I heard what the minister said in his opening speech, but I urge him to get round the table with those who expressed those concerns and ensure that the stage 2 amendments deal with them. Perhaps he could include the bill team in those discussions, as well. There is no harm in testing and debating the bill, because it is in all our interests to get it right. Given the short consultation, I do not think that it would be remiss of us to do that.
I turn to some of the anomalies in the 2010 act that also need to be sorted out. I understand why those anomalies are not being sorted out in this bill, because it deals with an urgent issue, but they could become just as urgent.
It was recently brought to my attention that the bill will make it illegal for anyone other than the registered crofter to work their croft. The Crofters (Scotland) Act 1993 act stated:
“The crofter shall, by himself or his family, with or without hired labour, either or both (a) cultivate his croft; (b) put it to some other use, being a purposeful use, so that every part of the croft either is cultivated or is put to such use.”
The 2010 act amended that to say:
“A crofter must comply with each of the duties set out in subsection (2)”,
“the crofter (a) must (i) cultivate the croft”.

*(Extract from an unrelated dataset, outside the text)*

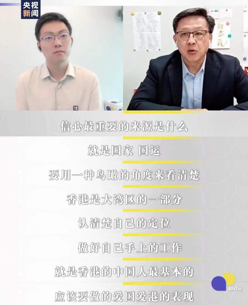 何君堯:這是一個(gè)過(guò)程,香港也要靠我們的年輕人走向未來(lái)。對(duì)于未來(lái)的新一代,我們要抓好國(guó)民教育、國(guó)家安全教育、世界觀教育等等。從哪里跌倒的,就要從哪個(gè)地方爬起來(lái)。今天的香港,就像一只火鳳凰,在烈火當(dāng)中,涅槃重生。
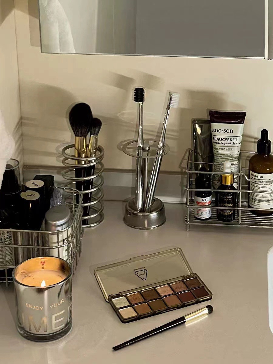스테인레스 스틸 칫솔 홀더 스레드 압출 치약 랙 화장품 브러시 저장 펜 홀더 공예

The unintended consequence of that is that the crofter can no longer cultivate the croft with the help of his family or indeed hired labour. That flies in the face of crofting, which is very much a family activity, and it misses the essence of crofting, which is normally carried out collectively in a community. That work has been restricted to just the crofter and not the family, community or indeed hired help, which has created an anomaly. It might not be policed or reported on, but there is an anomaly in the law.
Others have mentioned other anomalies—Alex Fergusson might have already spoken about a very similar anomaly to the one that I am going to describe. I give the example of the crofter who has bought a croft, crofts the land, has a home and garden on that land and subsequently decides to sell the house and garden but keep the croft. The home and garden are not decrofted, but change hands. The new owner goes on to try to sell the house, only to discover that although he is the landlord of his home and garden, he is a tenant of the crofter—the original owner of the house. The new owner cannot apply to decroft, because he is the landlord, not the crofter. Such anomalies need to be sorted.
It is my view and certainly the view of others that elements of the 2010 act were simply not required. With regard to the use of grazings committees, the body that should organise collective working in a crofting township became the body that polices other crofters. That is a very difficult issue to deal with.
We need to look at the 2010 act and start to unpick it.